Entries supplied
◆ ◆ ◆ ◆ ◆ ◆ ◆

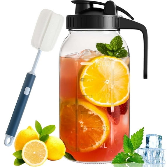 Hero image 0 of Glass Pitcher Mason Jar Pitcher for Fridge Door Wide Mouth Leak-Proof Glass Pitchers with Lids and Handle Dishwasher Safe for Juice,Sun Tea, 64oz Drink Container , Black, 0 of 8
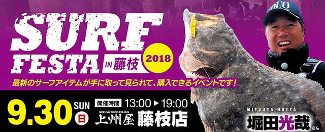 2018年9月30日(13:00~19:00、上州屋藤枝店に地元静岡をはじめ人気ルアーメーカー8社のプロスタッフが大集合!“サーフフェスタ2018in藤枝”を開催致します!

◆ ◆ ◆ ◆ ◆ ◆ ◆

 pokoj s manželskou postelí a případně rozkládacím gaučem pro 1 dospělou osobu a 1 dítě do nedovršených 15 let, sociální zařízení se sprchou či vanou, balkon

◆ ◆ ◆ ◆ ◆ ◆ ◆

Task instructions
Beginning with the line that contains "Hero image 0", write out the lines of the material above exactly, and end with the line that contains "2018年9月30日(13:00~19:00、上州屋藤枝". Omit the pictures.

Result for this exercise
 Hero image 0 of Glass Pitcher Mason Jar Pitcher for Fridge Door Wide Mouth Leak-Proof Glass Pitchers with Lids and Handle Dishwasher Safe for Juice,Sun Tea, 64oz Drink Container , Black, 0 of 8
 2018年9月30日(13:00~19:00、上州屋藤枝店に地元静岡をはじめ人気ルアーメーカー8社のプロスタッフが大集合!“サーフフェスタ2018in藤枝”を開催致します!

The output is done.